当前位置:网站首页>Reptile exercises (1)
Reptile exercises (1)
2022-04-23 15:04:00 【Zhang Lifan】
Don't just follow the path .Make your own trail .
Don't just walk along the road , Go your own way .
This press release is of great commemorative significance , Published on birthday , Started my career of online note taking , And deepened the infinite love for reptiles , I hope you can give me support !!! Please support me for the first time !!! It will be wonderful in the future .
10.( Choose a question 1) The target site https://www.sogou.com/
requirement :
1. The user enters what to search , Start page and end page
2. Crawl the source code of relevant pages according to the content entered by the user
3. Save the acquired data to the local
import requests
word = input(" Please enter the search content ")
start = int(input(" Please enter the start page "))
end = int(input(" Please enter the end page "))
headers = {
'User-Agent': 'Mozilla/5.0 (Windows NT 10.0; Win64; x64) AppleWebKit/537.36 (KHTML, like Gecko) Chrome/100.0.4896.127 Safari/537.36 Edg/100.0.1185.44'
}
for n in range(start, end + 1):
url = f'https://www.sogou.com/web?query={word}&page={n}'
# print(url)
response = requests.get(url, headers=headers)
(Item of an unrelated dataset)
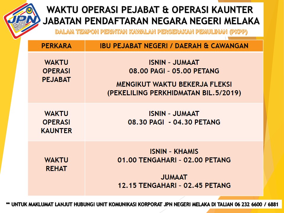 03 8881 1705 Fax. Portal Jpn Waktu Urusniaga Kaunter Jpn Dalam Tempoh Kawalan Pergerakan Pemulihan Pkpp Waktu Operasi Jpn Putrajaya Hafiz Rahim Jpn Melaka En Twitter Makluman. Waktu urusniaga kaunter JPN.

with open(f'{word} Of the {n} page .html', "w", encoding="utf-8")as file:
file.write(response.content.decode("utf-8"))
One 、 Analyze the web
1. Enter the website first
python - Sogou search (sogou.com)
https://www.sogou.com/web?query=python&_ast=1650447467&_asf=www.sogou.com&w=01029901&p=40040100&dp=1&cid=&s_from=result_up&sut=7606&sst0=1650447682406&lkt=0%2C0%2C0&sugsuv=1650427656976942&sugtime=1650447682406 2. Search separately “Python”,“ China ” And compare the websites .


3. Put each parameter in "&" Separate the symbols
Conclusion :(1) Parameters query Is the search object , Chinese characters will be escaped ( Code after escape without memory )
(2) Parameters ie Is the escape encoding type , With "utf-8" For example , This parameter can be used in Network- Payload-ie=utf-8, Some bags can also be in Network-Response-charset='utf-8', Pictured :

4. However, these two parameters can not meet the page turning and crawling requirements of the test questions , So we have to turn the page manually and then check 
https://www.sogou.com/web?query=python&page=2&ie=utf8
5. Finally, it's the critical moment ! We found the law , And the meaning of important parameters , You can build a common URL 了 , Pictured :
url = f'https://www.sogou.com/web?query={word}&page={n}'
# Assign variable parameters with variables , In this way, a new URL
Two 、 Look for parameters
https://www.sogou.com/web?query=Python&_asf=www.sogou.com&_ast=&w=01019900&p=40040100&ie=utf8&from=index-nologin&s_from=index&sut=12736&sst0=1650428312860&lkt=0%2C0%2C0&sugsuv=1650427656976942&sugtime=1650428312860
https://www.sogou.com/web?query=java&_ast=1650428313&_asf=www.sogou.com&w=01029901&p=40040100&dp=1&cid=&s_from=result_up&sut=10734&sst0=1650428363389&lkt=0%2C0%2C0&sugsuv=1650427656976942&sugtime=1650428363389
https://www.sogou.com/web?query=C%E8%AF%AD%E8%A8%80&_ast=1650428364&_asf=www.sogou.com&w=01029901&p=40040100&dp=1&cid=&s_from=result_up&sut=11662&sst0=1650428406805&lkt=0%2C0%2C0&sugsuv=1650427656976942&sugtime=1650428406805
https://www.sogou.com/web?
https://www.sogou.com/web?query=Python&
https://www.sogou.com/web?query=Python&page=2&ie=utf8
'User-Agent':'Mozilla/5.0 (Windows NT 10.0; Win64; x64) AppleWebKit/537.36 (KHTML, like Gecko) Chrome/100.0.4896.127 Safari/537.36 Edg/100.0.1185.44'
'cookie' = "IPLOC=CN3600; SUID=191166B6364A910A00000000625F8708; SUV=1650427656976942; browerV=3; osV=1; ABTEST=0|1650428297|v17; SNUID=636A1DCD7B7EA775332A80CB7B347D43; sst0=663; ld=llllllllll2AgcuYlllllpJK6jclllllHuYSpyllllDlllllVllll5@@@@@@@@@@; LSTMV=229,37; LCLKINT=1424"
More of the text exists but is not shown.